• **Task details**
What you return must be the lines from the first one below through the one containing "4月15日,校党委离退休工作", exactly and with pictures excluded.

• **Exercise data**

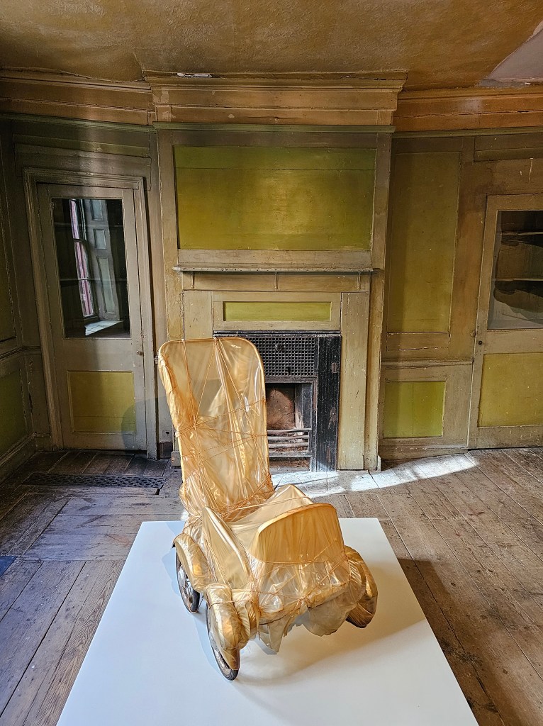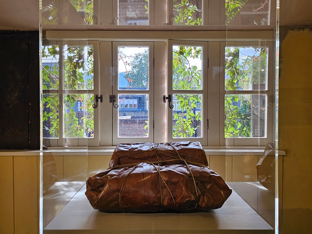 For anyone who is in London for Frieze week or anyone looking for something to do this weekend, I strongly recommend a visit to the exhibition of the work of Christo which Gagosian have installed in 4, Princelet Street in the heart of Spitalfields – originally 2, Princes Street, built by Samuel Worrall and leased to a glover for £756 pa in 1724. It is not just that smaller work by Christo looks very good in the space, but the space itself is remarkable in being completely unrestored.
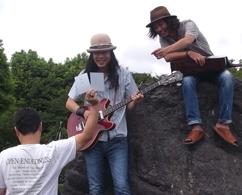 まずは、大きな石に腰掛けて撮影。持参していただいたギターを爪弾きつつ撮影。アコースティック・ギターの柔らかな音色と、お二人が交わす笑顔が素敵すぎます……。
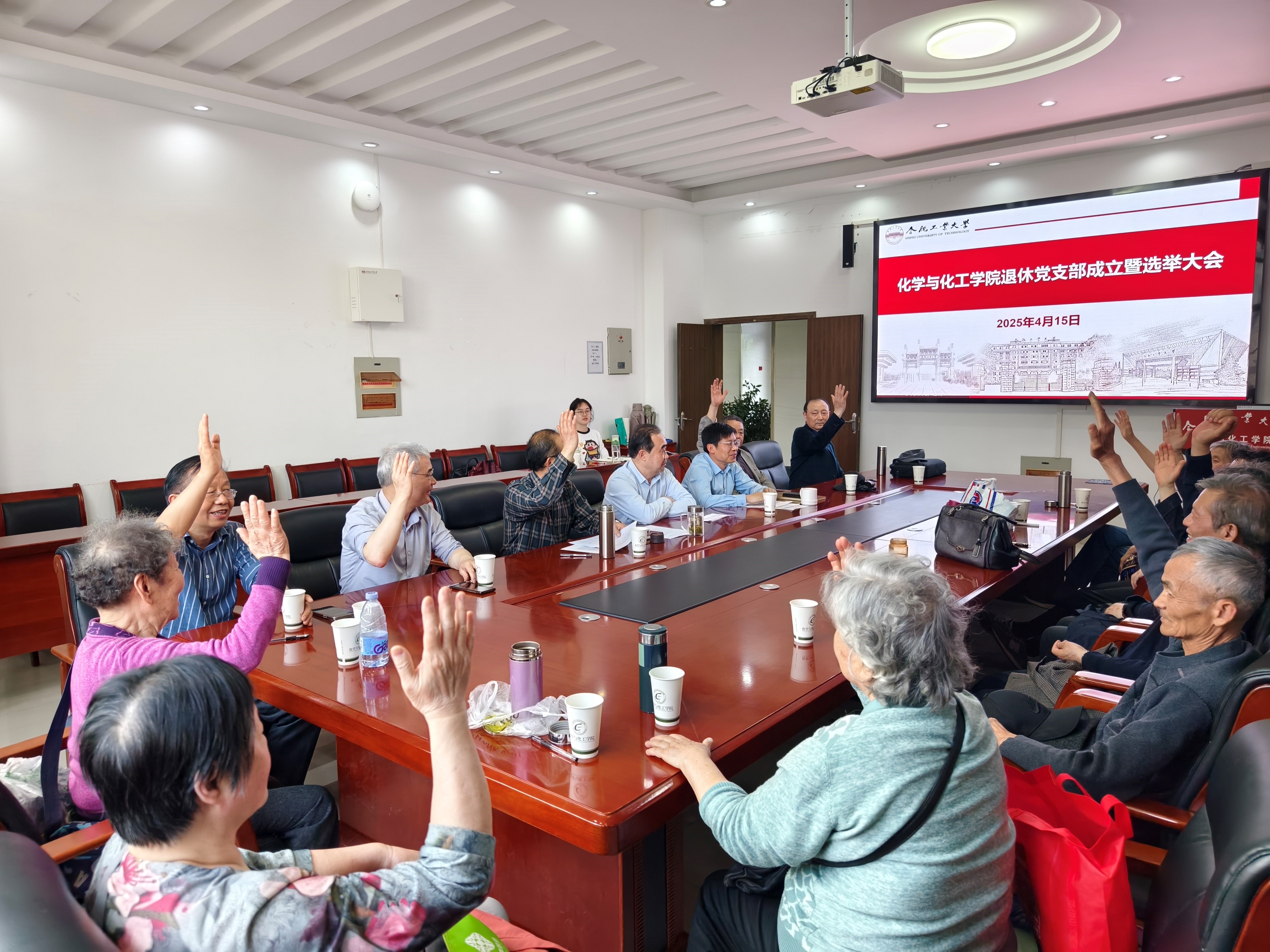 4月15日,校党委离退休工作部党委和化学与化工学院党委在升华楼201会议室召开化学与化工学院退休党支部成立仪式,并组织支委选举。校党委离退休工作部党委书记黄辉、化学与化工学院党委副书记兼纪委书记张金锋出席会议,化学与化工学院退休党员教师参加会议。
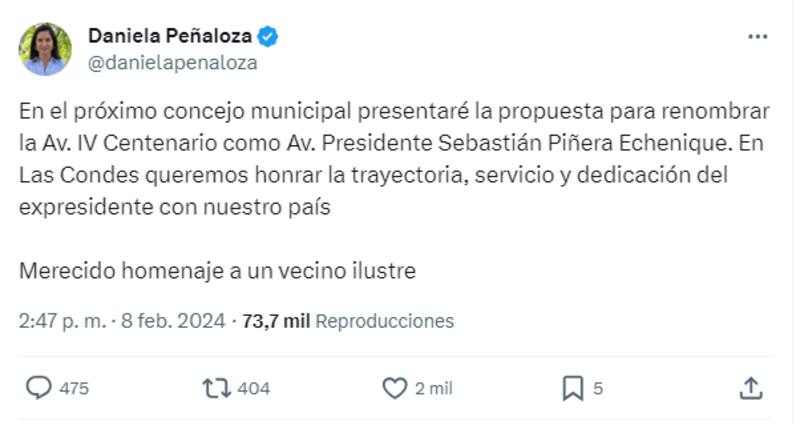 A través de su cuenta de X, anteriormente conocida como Twitter, la jefa comunal comentó que “en el próximo concejo municipal presentaré la propuesta para renombrar la Av. IV Centenario como Av. Presidente Sebastián Piñera Echenique”.
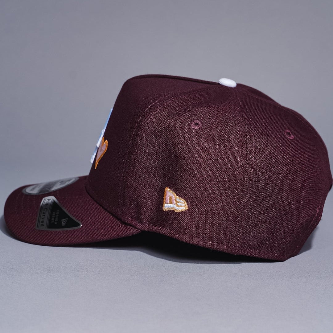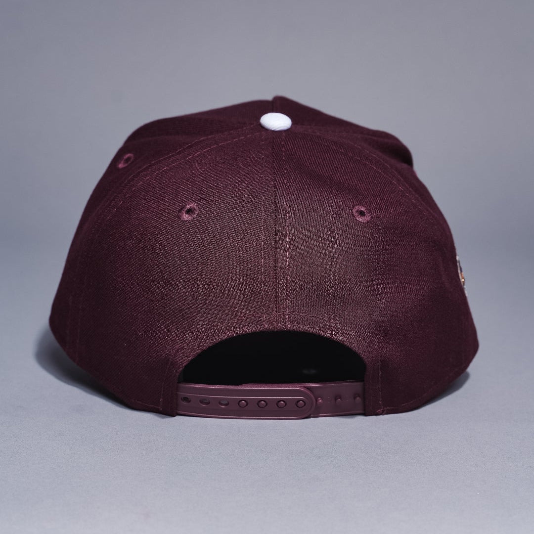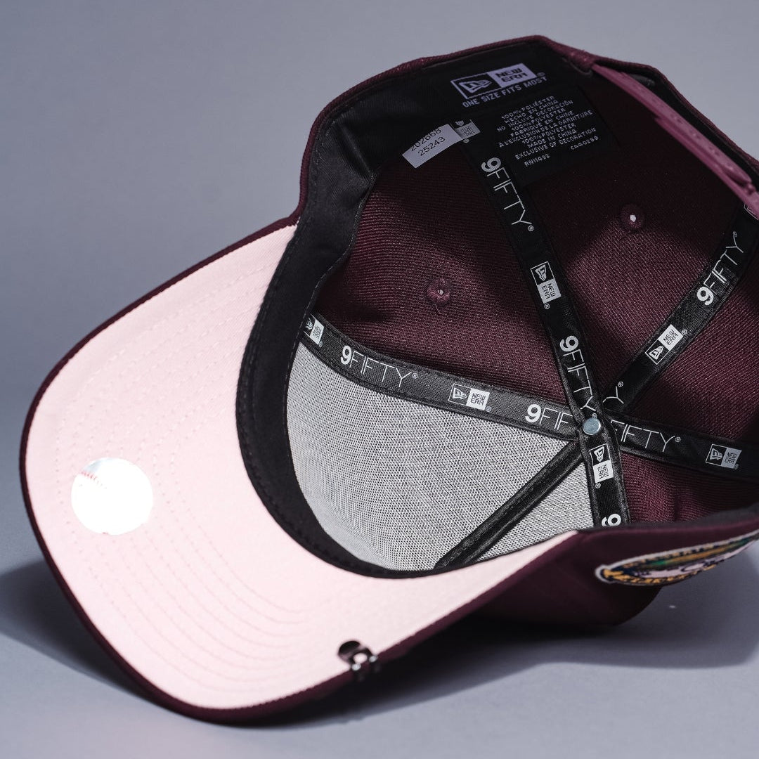 NEW ERA 9FIFTY A-FRAME BURGUNDY LOS ANGELES DODGERS SNAPBACK W/ HEART + 50TH ANNIVERSARY SIDE PATCH
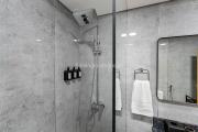Our beautiful apartment features a spacious bedroom with a king-size bed. . The bathroom is well-appointed with a shower, toilet, sink, and vanity mirror. The fully equipped kitchen is perfect for preparing meals, and the cozy lounge area includes an HD TV for your entertainment. The apartment is fully air-conditioned and boasts 2 balcony with a table and chairs. Our apartment also has a high-speed Wi-Fi and a dedicated workspace.
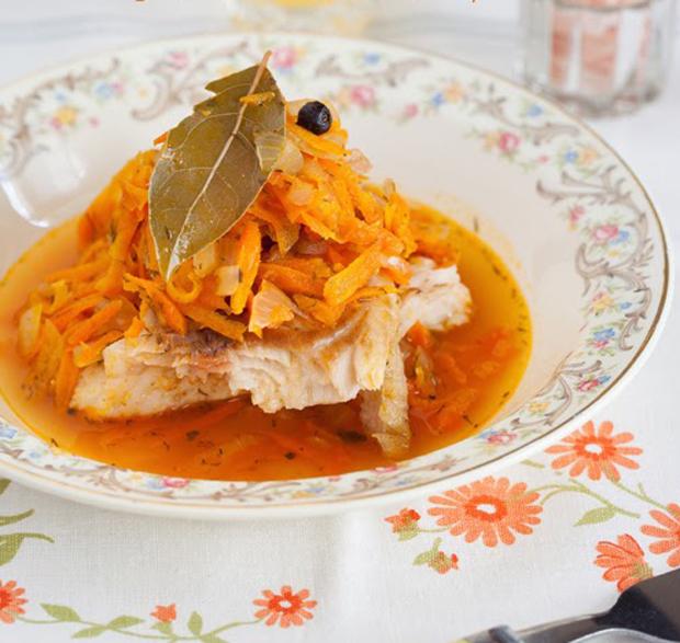 Рыба под маринадом из овощей и различных добавок выглядит аппетитно и обладает насыщенным ароматом. Мясо судака получается нежным, пикантным и сочным.

• **Response**
 For anyone who is in London for Frieze week or anyone looking for something to do this weekend, I strongly recommend a visit to the exhibition of the work of Christo which Gagosian have installed in 4, Princelet Street in the heart of Spitalfields – originally 2, Princes Street, built by Samuel Worrall and leased to a glover for £756 pa in 1724. It is not just that smaller work by Christo looks very good in the space, but the space itself is remarkable in being completely unrestored.
 まずは、大きな石に腰掛けて撮影。持参していただいたギターを爪弾きつつ撮影。アコースティック・ギターの柔らかな音色と、お二人が交わす笑顔が素敵すぎます……。
 4月15日,校党委离退休工作部党委和化学与化工学院党委在升华楼201会议室召开化学与化工学院退休党支部成立仪式,并组织支委选举。校党委离退休工作部党委书记黄辉、化学与化工学院党委副书记兼纪委书记张金锋出席会议,化学与化工学院退休党员教师参加会议。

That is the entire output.